##### Recorded information #####

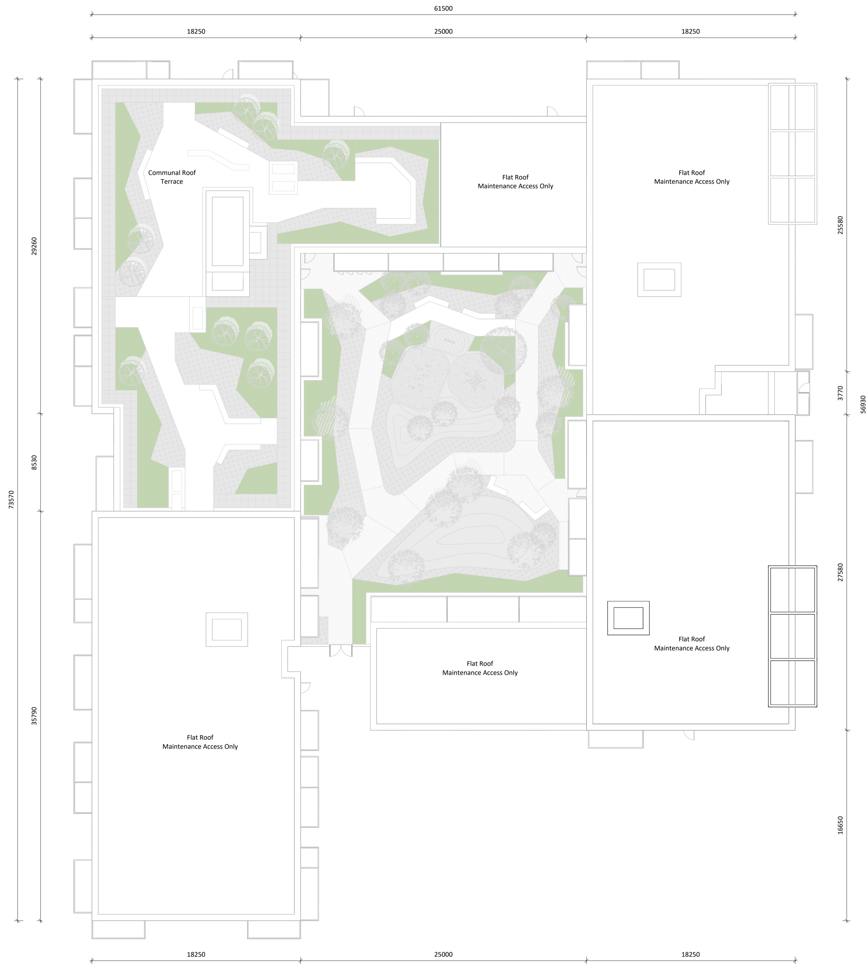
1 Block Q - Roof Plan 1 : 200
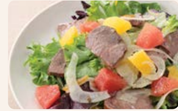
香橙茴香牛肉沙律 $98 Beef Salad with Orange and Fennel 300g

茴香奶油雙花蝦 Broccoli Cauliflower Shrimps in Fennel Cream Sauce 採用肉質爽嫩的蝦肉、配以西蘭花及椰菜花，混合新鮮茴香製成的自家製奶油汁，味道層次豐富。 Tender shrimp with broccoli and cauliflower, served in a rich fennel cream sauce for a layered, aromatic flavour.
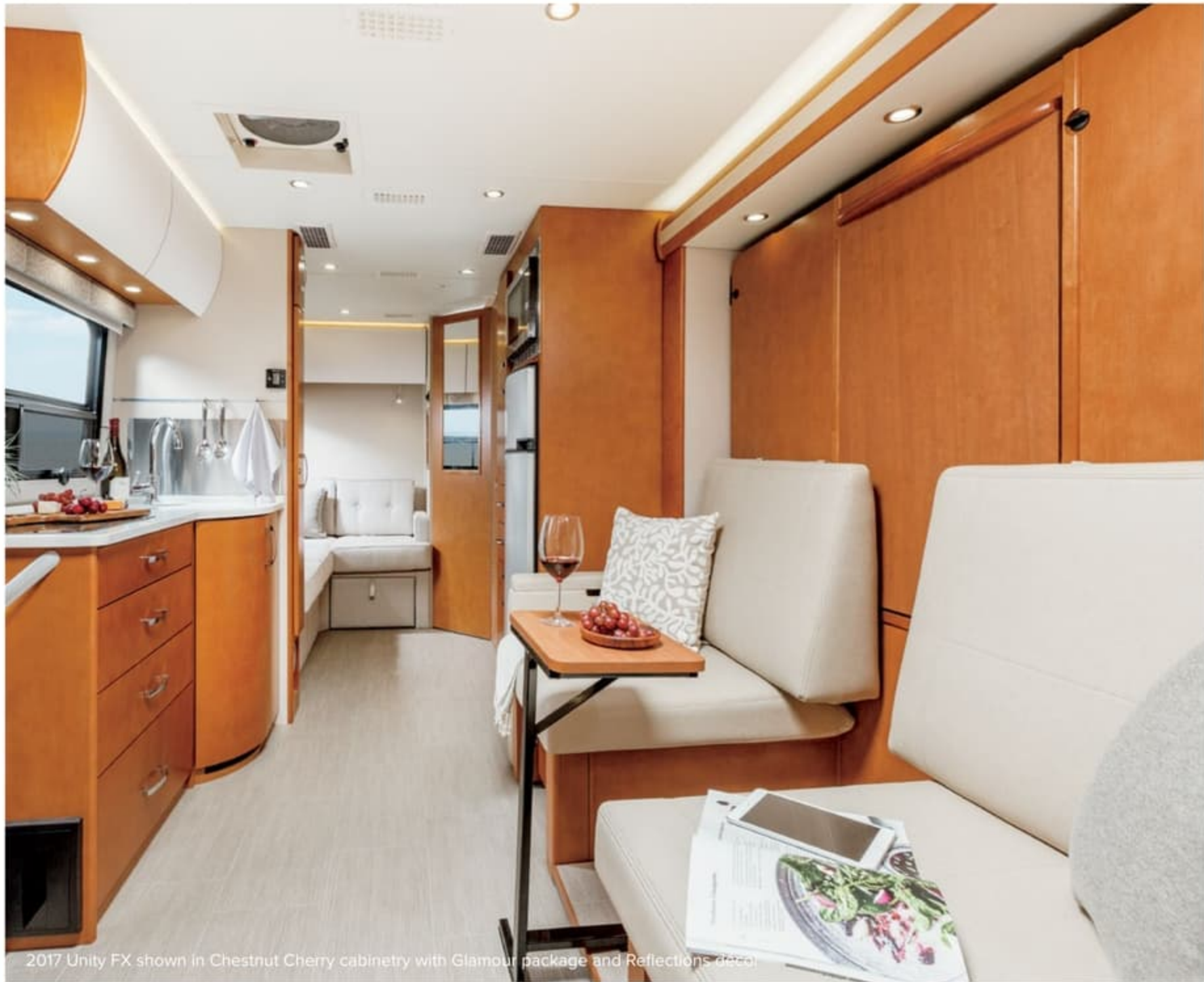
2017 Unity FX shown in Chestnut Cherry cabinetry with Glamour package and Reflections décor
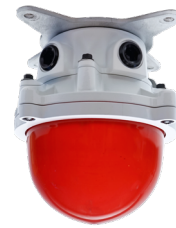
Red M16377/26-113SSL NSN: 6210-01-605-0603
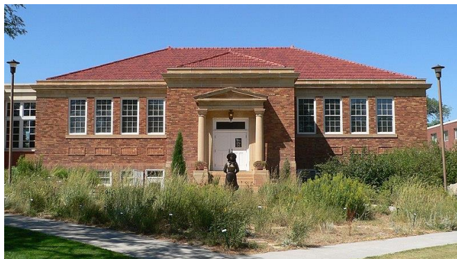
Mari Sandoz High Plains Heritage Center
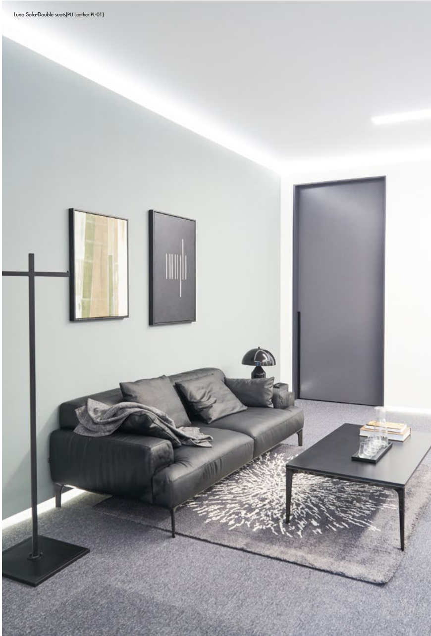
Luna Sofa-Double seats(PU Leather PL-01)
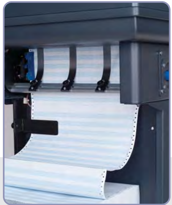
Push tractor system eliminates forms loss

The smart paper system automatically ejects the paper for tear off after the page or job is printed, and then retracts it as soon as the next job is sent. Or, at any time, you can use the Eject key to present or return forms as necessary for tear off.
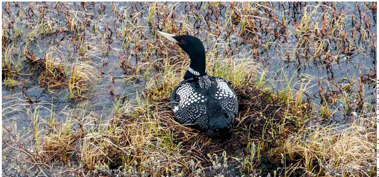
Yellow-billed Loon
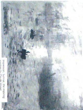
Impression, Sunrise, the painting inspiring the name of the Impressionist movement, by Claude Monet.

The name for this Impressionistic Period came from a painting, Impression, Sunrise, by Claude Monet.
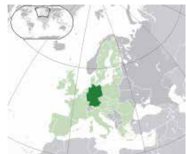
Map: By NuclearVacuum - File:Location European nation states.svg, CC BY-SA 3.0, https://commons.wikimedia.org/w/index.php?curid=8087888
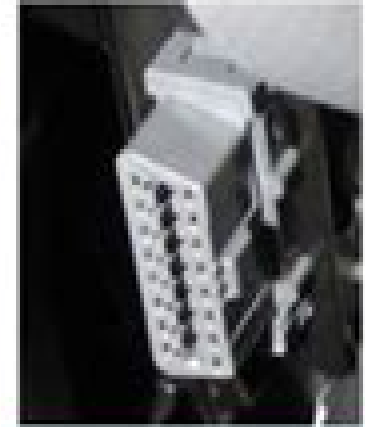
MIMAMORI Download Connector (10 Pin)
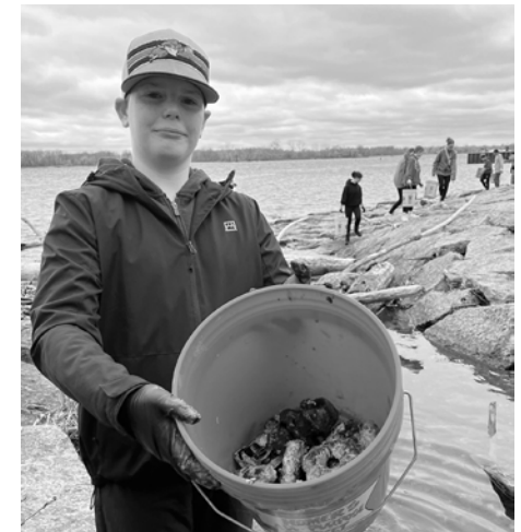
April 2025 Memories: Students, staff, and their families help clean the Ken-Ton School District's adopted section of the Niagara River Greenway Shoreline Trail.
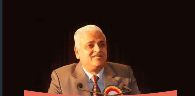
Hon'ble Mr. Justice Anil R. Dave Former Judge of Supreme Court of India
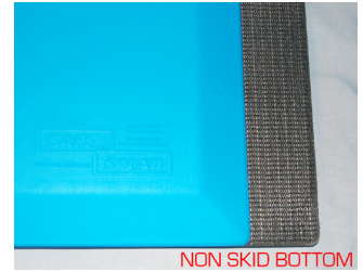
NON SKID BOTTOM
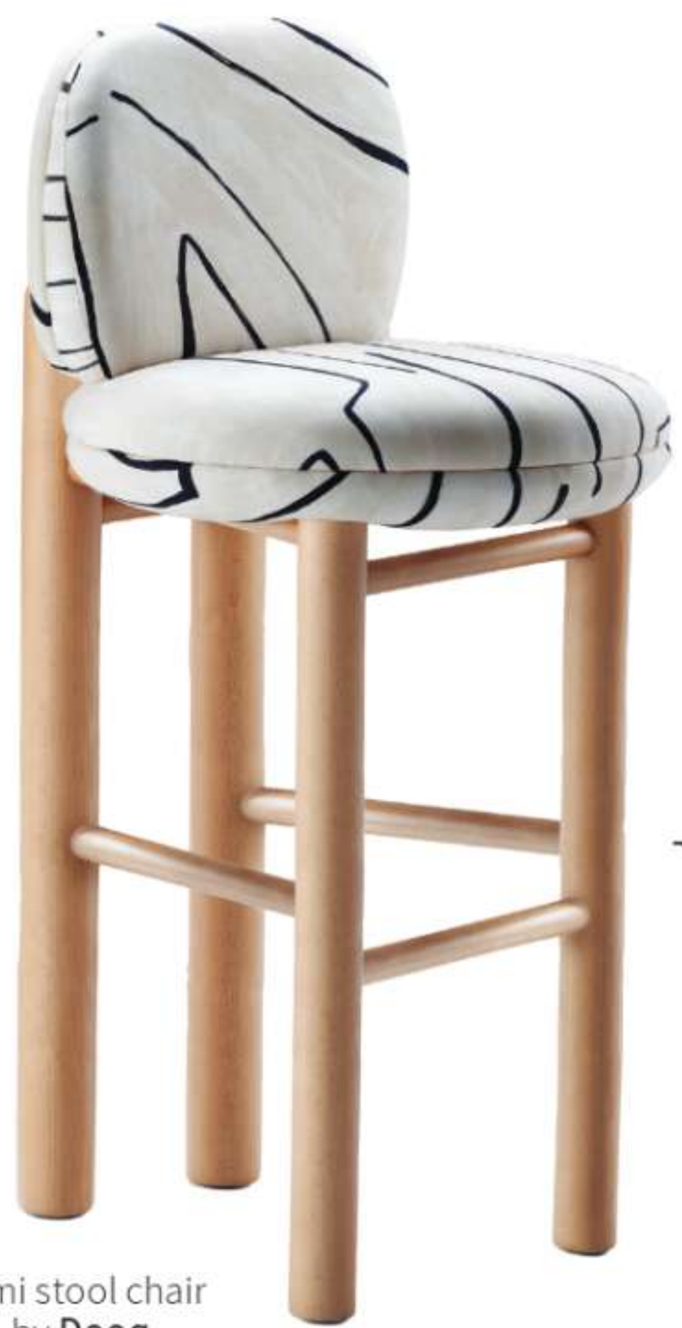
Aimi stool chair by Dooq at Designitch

#####
##### Recorded information #####

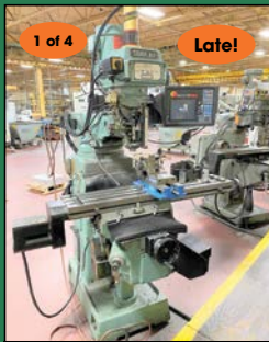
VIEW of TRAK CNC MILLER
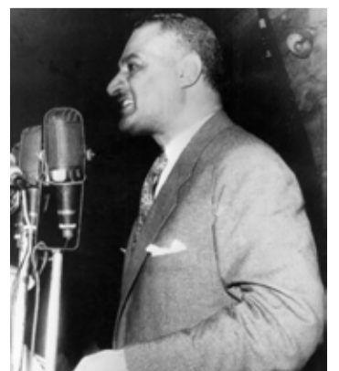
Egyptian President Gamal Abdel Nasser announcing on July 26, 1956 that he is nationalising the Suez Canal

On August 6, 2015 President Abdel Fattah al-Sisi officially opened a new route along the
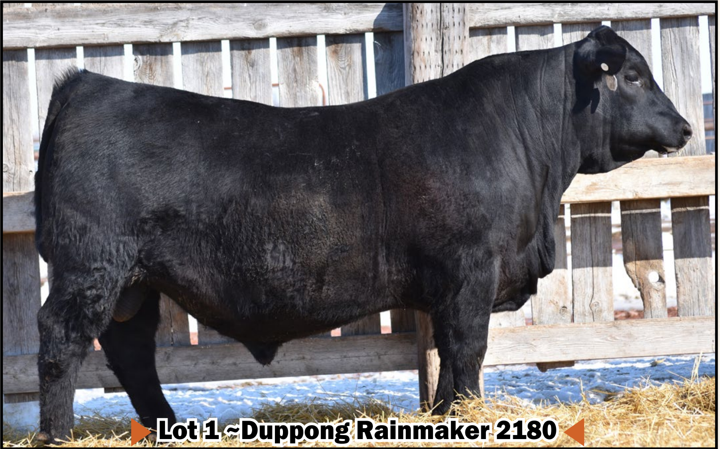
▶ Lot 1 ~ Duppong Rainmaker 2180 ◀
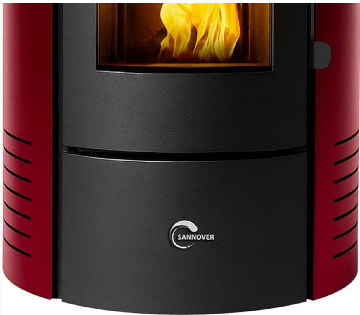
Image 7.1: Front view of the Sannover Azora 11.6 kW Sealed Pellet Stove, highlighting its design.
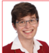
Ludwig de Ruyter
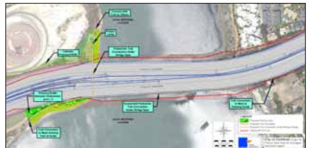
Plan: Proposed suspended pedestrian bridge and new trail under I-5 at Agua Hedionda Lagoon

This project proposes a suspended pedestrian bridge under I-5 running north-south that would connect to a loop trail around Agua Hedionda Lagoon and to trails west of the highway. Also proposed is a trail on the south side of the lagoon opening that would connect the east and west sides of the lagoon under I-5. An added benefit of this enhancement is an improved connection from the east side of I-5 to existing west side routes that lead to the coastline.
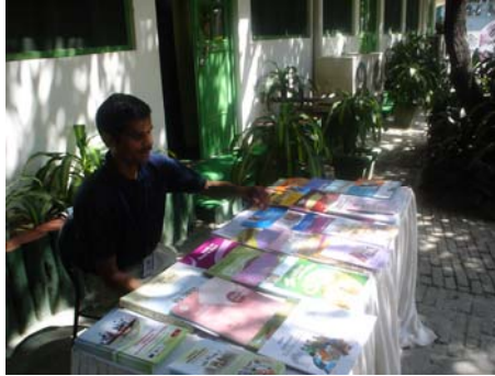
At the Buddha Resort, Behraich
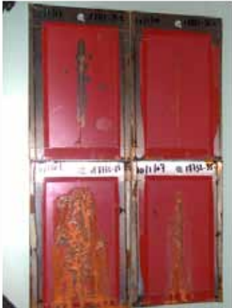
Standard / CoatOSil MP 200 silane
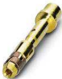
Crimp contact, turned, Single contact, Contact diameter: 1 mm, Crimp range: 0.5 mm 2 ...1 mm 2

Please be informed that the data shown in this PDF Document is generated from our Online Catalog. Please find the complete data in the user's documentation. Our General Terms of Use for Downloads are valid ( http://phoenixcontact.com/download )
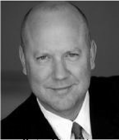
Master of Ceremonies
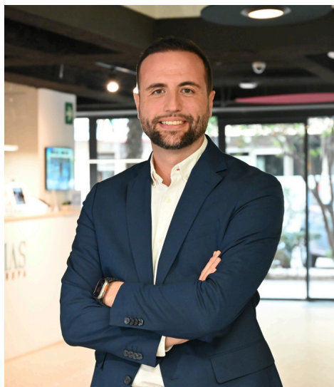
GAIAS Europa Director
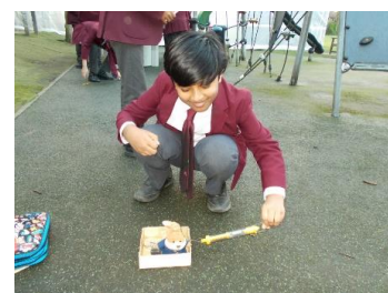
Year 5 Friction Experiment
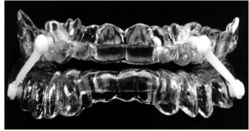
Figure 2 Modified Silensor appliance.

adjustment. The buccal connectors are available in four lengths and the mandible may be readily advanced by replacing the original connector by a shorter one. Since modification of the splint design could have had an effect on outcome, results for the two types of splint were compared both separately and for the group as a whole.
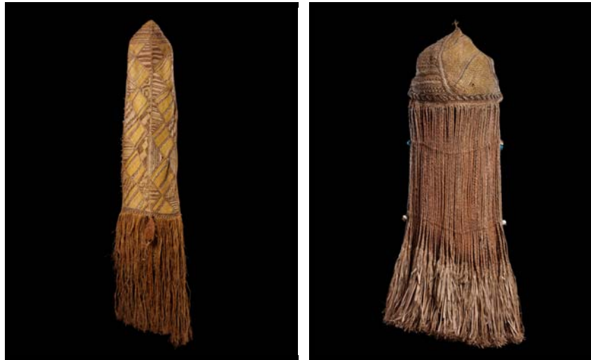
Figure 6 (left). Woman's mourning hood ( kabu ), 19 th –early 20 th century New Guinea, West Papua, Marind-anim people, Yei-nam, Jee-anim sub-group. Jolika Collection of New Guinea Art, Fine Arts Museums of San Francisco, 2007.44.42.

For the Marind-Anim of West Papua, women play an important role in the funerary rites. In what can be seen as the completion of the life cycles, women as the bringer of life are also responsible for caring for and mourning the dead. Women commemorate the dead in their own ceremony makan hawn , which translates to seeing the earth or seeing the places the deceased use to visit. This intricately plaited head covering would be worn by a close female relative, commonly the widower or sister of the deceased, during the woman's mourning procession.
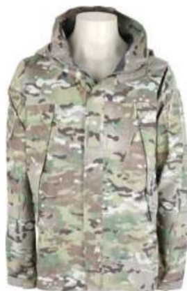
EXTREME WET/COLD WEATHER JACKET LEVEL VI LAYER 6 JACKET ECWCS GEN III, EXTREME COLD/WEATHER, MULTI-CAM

#####

Show every line of the entries above where the word "Plan" occurs.

1 Block Q - Roof Plan 1 : 200
Plan: Proposed suspended pedestrian bridge and new trail under I-5 at Agua Hedionda Lagoon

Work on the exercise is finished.